Model Architecture Overview

Model Architecture

Installation

git clone https://github.com/sjz5202/LLaVA-Reward
cd LLaVA-Reward
conda create -n llavareward python=3.10
conda activate llavareward
conda install pytorch==2.3.0 torchvision==0.18.0 torchaudio==2.3.0 pytorch-cuda=12.1 -c pytorch -c nvidia
pip install -e .

Quick Start

Example usage (also available at eval/simple_inference.py):

import torch
from eval.reward_adaptor_loader import load_reward_adaptor, inference_process_phi3v, preference_compute
import os

class Args:
    pass
args = Args()
args.pm_path = "/code/llava-reward-ckpt/alignment/llavareward_phi_alignment"
args.pretrain = "microsoft/Phi-3.5-vision-instruct"
args.cache_dir = None
args.ft_projector = True
args.seed = 1234
args.disable_fast_tokenizer = False

# load model
args, model, processor, tokenizer = load_reward_adaptor(args,model_type='phi3v',reward_config_path=os.path.join(args.pm_path, "reward_config.yaml"),load_tokenizer=True)
model.to('cuda')
model.eval()

# prepare example
caption = "perfect white haired egyptian goddess wearing white dove wings, warframe armor, regal, attractive, ornate, sultry, beautiful, ice queen, half asian, pretty face, blue eyes, detailed, scifi platform, 4 k, ultra realistic, epic lighting, illuminated, cinematic, masterpiece, art by akihito tsukushi, voidstar"
img_dir_list = ["data/sample_test/sample_img/0_1_id_000904-0035.jpg", "data/sample_test/sample_img/4_3_id_000904-0035.jpg"]
img_inputs = inference_process_phi3v(args,processor,tokenizer,img_dir_list,caption,device='cuda')
img_inputs_c = img_inputs[0]
img_inputs_r = img_inputs[1]

# inference
with torch.no_grad():
    chosen_rewards, _ = model.custom_forward(**img_inputs_c)
    reject_rewards, _ = model.custom_forward(**img_inputs_r)
prob = preference_compute(args,chosen_rewards,reject_rewards)

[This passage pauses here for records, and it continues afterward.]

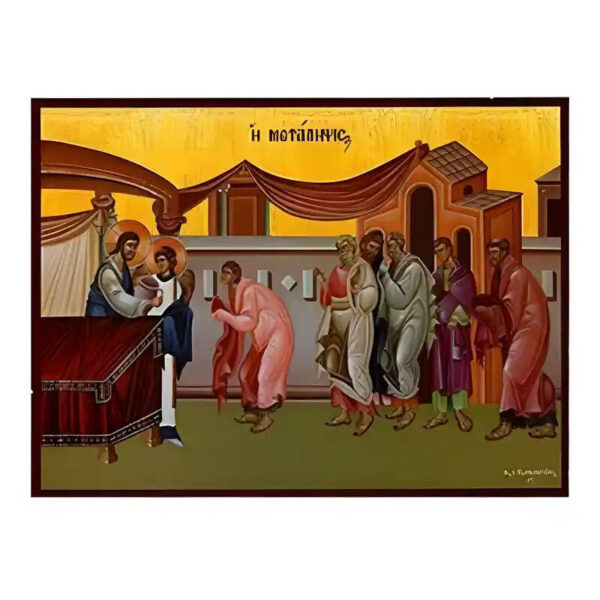 Βασικά Χαρακτηριστικά: – Σχέδιο: Κλασική βυζαντινή εικονογραφία με ζωηρό κόκκινο περίγραμμα – Υλικό: Ξύλο Μασίφ Φλαμουρία υψηλής αντοχής με προστατευτικό βερνίκι για ποιότητα που διαρκεί – Προέλευση: Χειροποίητο στην Ελλάδα – Σκοπός: Ιδανικό για γωνιές προσευχής, εκκλησίες, διακόσμηση σπιτιού ή ως δώρο με νόημα Διαθέσιμα μεγέθη: 10×7 cm (3,9 x 2,8 ίντσες) 15×11 cm (5,9 x 4,3 ίντσες) 21×15 cm (8,3 x 5,9 ίντσες) 26×20 cm (10,2 x 7,9 ίντσες) 40×30 cm (15,8 x 11,8 ίντσες) 45×35 cm (17,7 x 13,8 ίντσες) 50×40 cm (19,7 x 15,8 ίντσες)► Εικόνα της Θείας Μετάληψης του Οίνου, ξύλινη. Χειροποίητη ξύλινη εικόνα, ειδικής επεξεργασίας σε σκληρό Φλαμουριά Ξύλο Εικόνα Ορθόδοξης τέχνης, σκαλισμένη ή τυπωμένη σε ξύλο φλαμουριάς υψηλής ποιότητας. Η φυσική απαλότητα και ομοιομορφία του ξύλου τονίζει κάθε λεπτομέρεια του εικονίσματος, αναδεικνύοντας τη βαθιά πνευματικότητα και την ιερότητα της παράδοσης. Ιδανική για οικιακό εικονοστάσι, δώρο βάπτισης, γάμου ή αφιέρωμα σε ναό. Το ξύλο έχει υποστεί ειδική επεξεργασία για αντοχή και αισθητική αρμονία, κρατώντας ζωντανά τα χρώματα και τη μορφή του προσώπου του Αγίου. με ανεξίτηλα χρώματα σε λεπτό καμβά.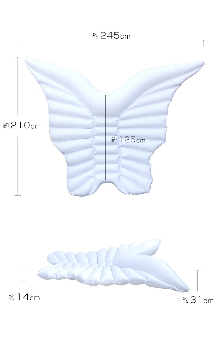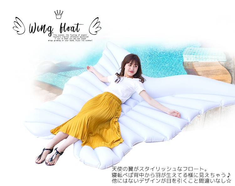天使の翼がスタイリッシュなフロート。 寝転べば背中から羽が生えてるように見えちゃう♪ 他にはないデザインは目を引くこと間違いなし! |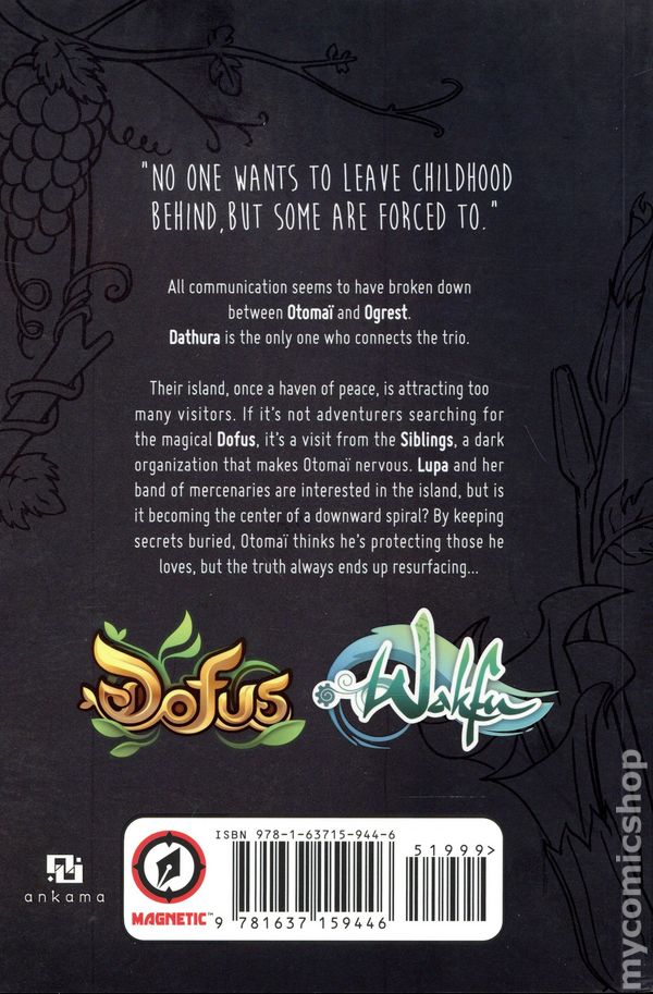 Volume 1 - 1st printing. Story and art by Mig. Set within the video-game universe of Wakfu, the popular online role-playing game and animated series on Netflix!On a paradise island far from the hustle and bustle of the old continent lives Ogrest, a tiny ogre who lives happily with Otomaï, his creator, and Dathura, a doll of divine beauty. When the Dofus—precious magical dragon eggs—disappear, all budding adventurers are rousted in search of the treasure. But Ogrests island is home to a Dofus that quickly draws greed and thirst for power that leads them all into a dark plot . . . Softcover, 6-in. x 9-in., 192 pages, B&W. Teen+ Cover price $19.99.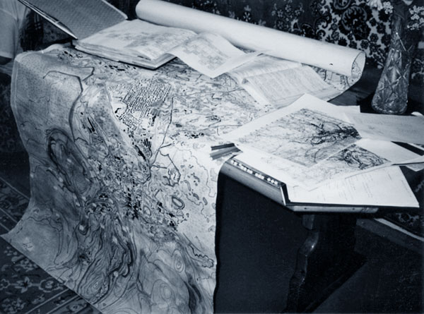 Я снова перешел на новое место работы. Здесь уже нет сумасшедшего напряжения, уже свободны суббота и воскресенье и время обеда — мое. Наводя порядок в кабинете, я нашел несколько рулонов бумаги и пересмотрел их: это были плакаты, схемы гражданской обороны 50–60-х годов. В них же лежали деформированные от воды четыре кальки с безобразной бледной графикой. Когда я всмотрелся в них, радости моей не было предела. Это были кальки города и промышленной зоны! Они были без определения масштаба, точек отсчета. На них не были указаны стороны света. Во всем этом для меня не было необходимости. У меня была карта, которая вдохновила меня на дальнейший труд. Мои чувства трудно было передать.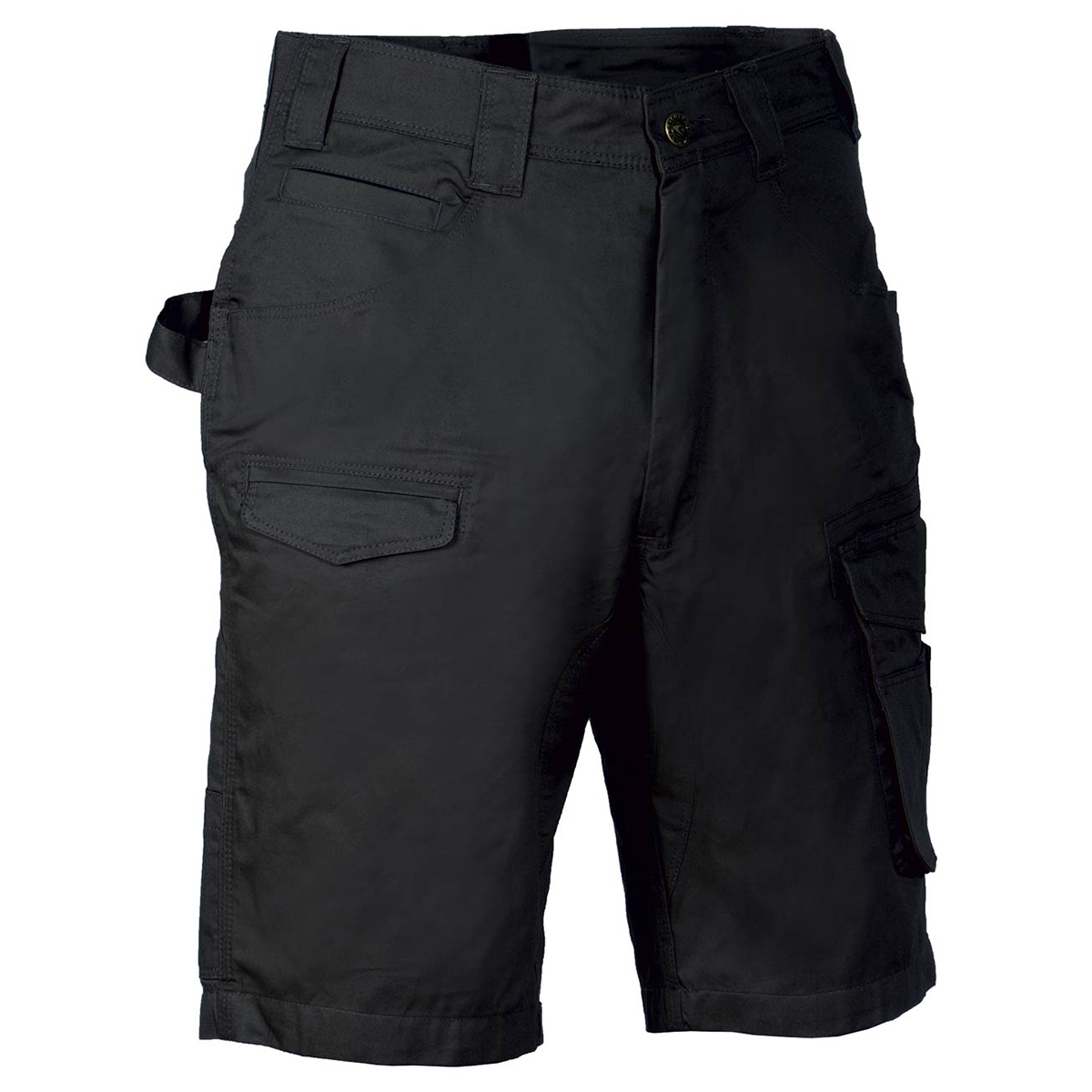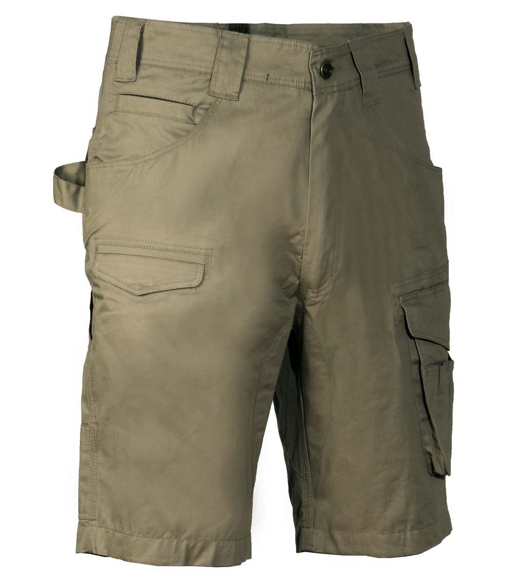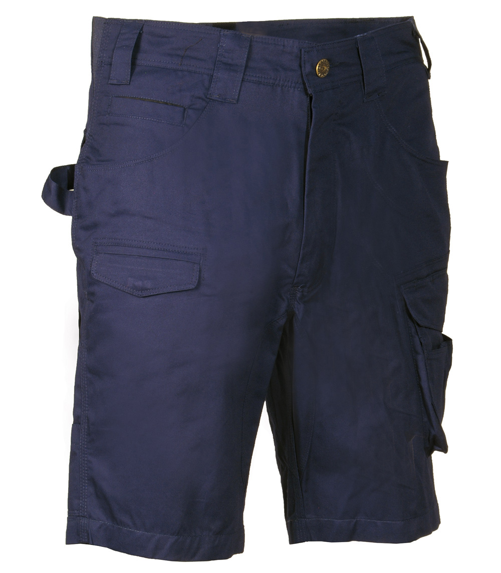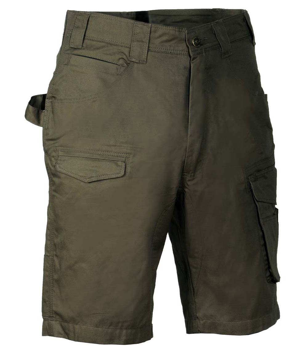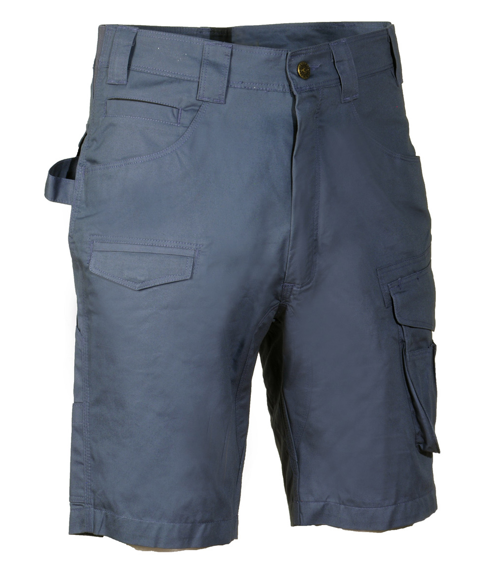 Bermuda de travail avec 2 poches larges à l’avant. Double poche à l’arrière avec patte. Élastique à la taille. Entrejambe renforcé. Petite poche frontale sur la jambe droite. Poche latérale. Poche pour mètre pliant. Poche pour porte-monnaie. Zip YKK® 100% coton.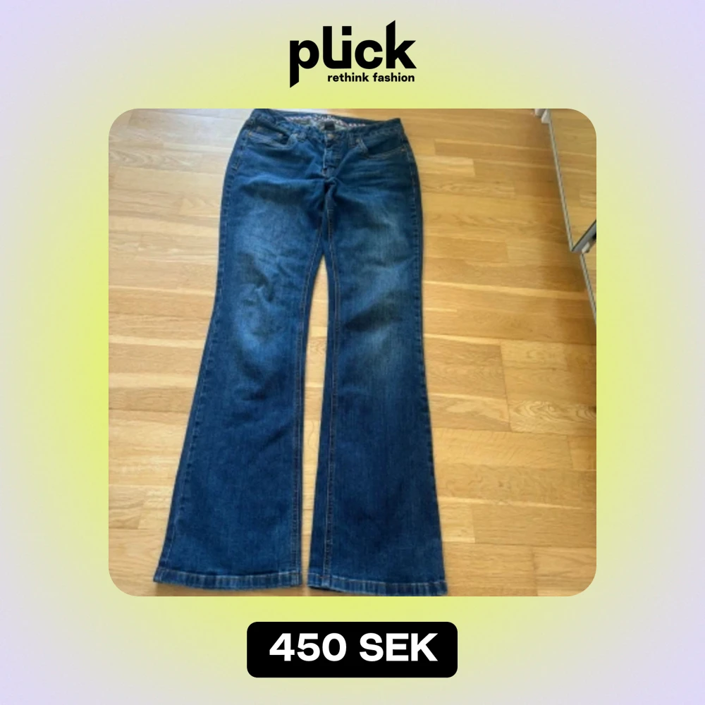 Lågmidjade utsvängda bootcut jeans med fina broderi detaljer på bakfickorna, från John Baner. Midjemått: 76 cm Innerbenslängd: 85 cm Hela längden: 105 cm

if not args.is_general_preference:
    print("image0 reward:", chosen_rewards.item())
    print("image1 reward:", reject_rewards.item())
print('Predict probability that image0 is better than image1:',prob)

Evaluation

Eval data preparation such as MJ-Bench. ./eval/ contains corresponding evalutions for LLaVA-Reward with different MLLM backbones. You can try LLaVA-Reward with your few samples using bash eval/batch_inference_rm_phi_user_input.sh.

Reformated training data

In data/, we provide the reformated training data from ImageReward and UnsafeBench. We also include sample test data in data/sample_test, providing data format for pairwise and non-pairwise test data.

Training

scripts/ contains training scripts.

  • Loss variants: BT/GPM/CLS (please note GPM mode needs pair-wise image as inputs)
  • Architecture: with and without SkipCA
  • Different backbones: Phi-3.5-v, Qwen2.5-VL and LLaVA-v1.6.

Example Training script

# phi3 gpm lora
deepspeed train_rm_general_preference.py \
     --save_path your-path \
     --save_steps 2 \
     --logging_steps 1 \
     --eval_steps 10000 \
     --accumulated_gradient 4 \
     --micro_train_batch_size 4 \
     --pretrain microsoft/Phi-3.5-vision-instruct \
     --bf16 \
     --max_epochs 3 \
     --max_len 2048 \
     --zero_stage 3 \
     --learning_rate 2e-4 \
     --general_preference_tau 0.1 \
     --dataset your-json \
     --dataset_probs 1 \
     --flash_attn \
     --gradient_checkpointing \
     --group_size 1 \
     --value_head_dim 2 \
     --save_best_model 2 \
     --train_split_ratio 1 \
     --freeze_vision_model \
     --lora_rank 128 \
     --lora_alpha 256 \
     --ft_projector \
     --add_cross_attention \
     --is_general_preference \
     --lora_dropout 0.05

Checkpoints

We provide checkpoints for text-to-image alignment, fidelity, safety evaluation and checkpoints for general T2I rewarding. You can find them at LLaVA-Reward.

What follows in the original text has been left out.